问题
How to avoid an UIWebView from opening the iTunes App when loading an iTunes URL?
Example URL: http://itunes.apple.com/nl/app/bluppr-postcards/id348147229?mt=8
Above URL loads the iTunes App directly. UIWebViewDelegate doesn't seem to be able to control this to just load the page in the UIWebView.
It seems it's controlled by the JavaScript function detectAndOpenItunes(); in the body tag of the page.
Any ideas?
回答1:
You're right that the relevant function is detectAndOpenItunes(), which is contained in this file and requires 'iPhone' or 'iPod' to be in the user agent string. I wrote a quick little test app with a web view that just does the following upon viewDidLoad:
[webView loadRequest:
[NSURLRequest requestWithURL:
[NSURL URLWithString:
@"http://itunes.apple.com/nl/app/bluppr-postcards/id348147229?mt=8"]]];
As you say, that opens the App Store app. So I modified it to:
// set some user agent that doesn't have 'iPod' or 'iPhone' in the name
[[NSUserDefaults standardUserDefaults]
registerDefaults:[NSDictionary
dictionaryWithObject:@"some old phone or other"
forKey:@"UserAgent"]];
[webView loadRequest:
[NSURLRequest requestWithURL:
[NSURL URLWithString:
@"http://itunes.apple.com/nl/app/bluppr-postcards/id348147229?mt=8"]]];
That displays the page as a web page without opening the app, but there's a problem with the formatting, the displayed page being far too wide. Do a quick search for var deviceDetect=
and you'll see that the user agent is also used to determine formatting.
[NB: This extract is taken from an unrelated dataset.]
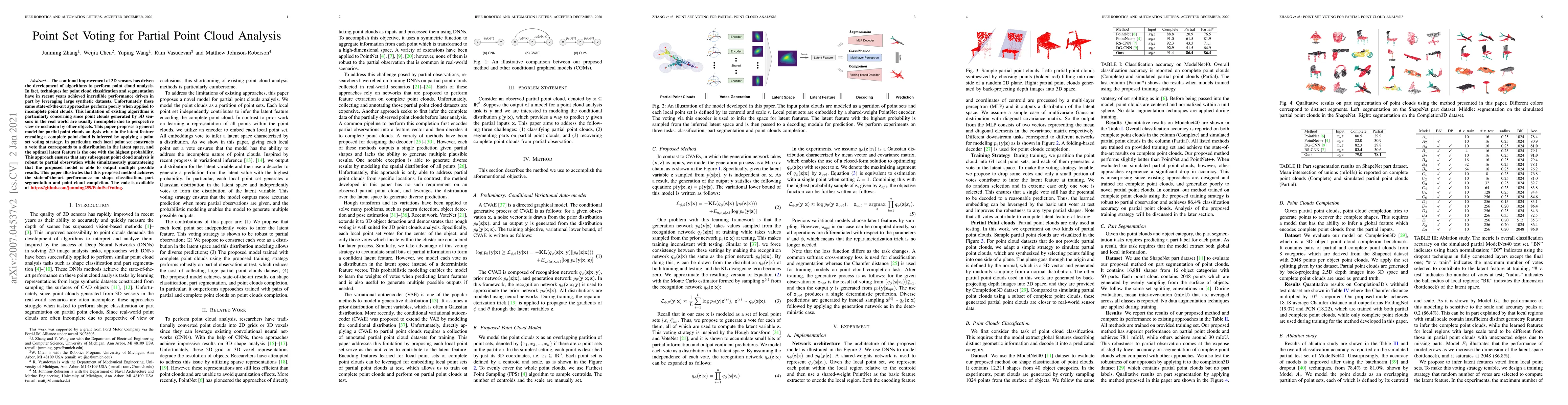 This paper proposes a local point set voting strategy for analyzing partial point clouds, inferring latent features to ensure robustness against incomplete observations. The method achieves state-of-the-art results in shape classification, part segmentation, and point cloud completion.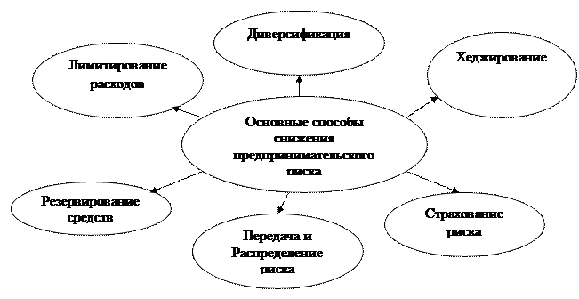 Рис. 3. Основные способы снижения риска Рассмотрим каждый из перечисленных способов снижения риска. Диверсификация – рассеивание риска за счет распределения капитала, активов между разнообразными объектами вложения или сочетание в пределах уставного капитала различных видов деятельности. Механизм диверсификации позволяет разделять риски и препятствует их концентрации, например: - ориентация на различные группы потребителей и на предприятия разных регионов. При этом предприятие должно стремиться к равномерному распределению долей каждого потребителя, чтобы отказ нескольких из них не сорвал реализационную программу в целом; - фирма в своей хозяйственной деятельности, предвидя падение спроса или заказов на основной вид работ, готовит запасные фронты работ или переориентирует производство на выпуск другой продукции [4, стр.50]. - увеличение числа поставщиков позволяет ослабить зависимость предприятия от ненадежных поставщиков, т.к. при нарушении ими графика поставок по разным причинам (аварии, банкротство, форс-мажорные обстоятельства) предприятие сможет относительно безболезненно переключиться на работу с другими поставщиками. - диверсификация кредитного портфеля предусматривает расширение круга покупателей и направлена на уменьшение кредитного риска предприятия. Применение фирмой диверсифицированного портфельного подхода на рынке ценных бумаг (комбинация разнообразных ценных бумаг) позволяет максимально снизить вероятность недополучения дохода. Диверсификация предусматривает два основных способа управления рисками - активный и пассивный. Активное управление представляет собой составление прогноза размера возможных доходов по основной хозяйственной деятельности от реализации нескольких инвестиционных проектов. Активная тактика фирмы по продвижению продукции предполагает, с одной стороны, пристальное отслеживание, изучение и реализацию наиболее эффективных инвестиционных проектов, захват значительной доли рынка со специализацией по однородному выпуску продукции, а с другой стороны, - максимально быструю переориентацию одного вида работ на другой, включая возможную передислокацию на другую территорию, рынок. Пассивное управление предусматривает создание неизменного рынка товаров с определенным уровнем риска и стабильное удерживание своих позиций в отрасли. Пассивное управление характеризуется низким оборотом, минимальным уровнем концентрации объемов работ. Лимитирование – установление норматива расходов. Данный механизм используется по тем видам рисков, которые не выходят за пределы допустимого их уровня, т.е. по финансовым операциям в зоне критического или катастрофического риска. По содержанию лимитирование концентрации рисков включает в себя: - предельный размер заемных средств, используемых в хозяйственной деятельности; - минимальный размер активов в высоколиквидной форме(краткосрочные финансовые вложения и дебиторская задолженность); - максимальный размер кредита, предоставляемого одному покупателю, направленный на снижение кредитного риска; - максимальный размер депозита, размещаемого в одном банке; - максимальный период отвлечения средств в дебиторскую задолженность. За счет этого финансового норматива обеспечивается лимитирование риска неплатежеспособности, а также

The only solutions I can come up with for that essentially involve screen-scraping-level behaviour. You may subclass NSURLProtocol
and add any protocol handler you like via +registerClass:. If you design your protocol to perform HTTP requests then it'll replace the built-in methods for handling HTTP requests. By being selective in which requests you accept or decline, you can do real loading by allowing the HTTP requests you don't want to fall down to the real protocol handler. Hence, you can selectively catch and alter any fetched file before allowing it to be passed to the web view.
You could use that to catch and edit whichever bits of .js and .html you like, but then you're pretty much bound to encounter problems whenever Apple adjust their page.
Similarly, you could use webview's stringByEvaluatingJavaScriptFromString:
to execute suitable Javascript to reformat the page after loading, but I'm unable to determine exactly what you'd run and your solution would be just as fragile.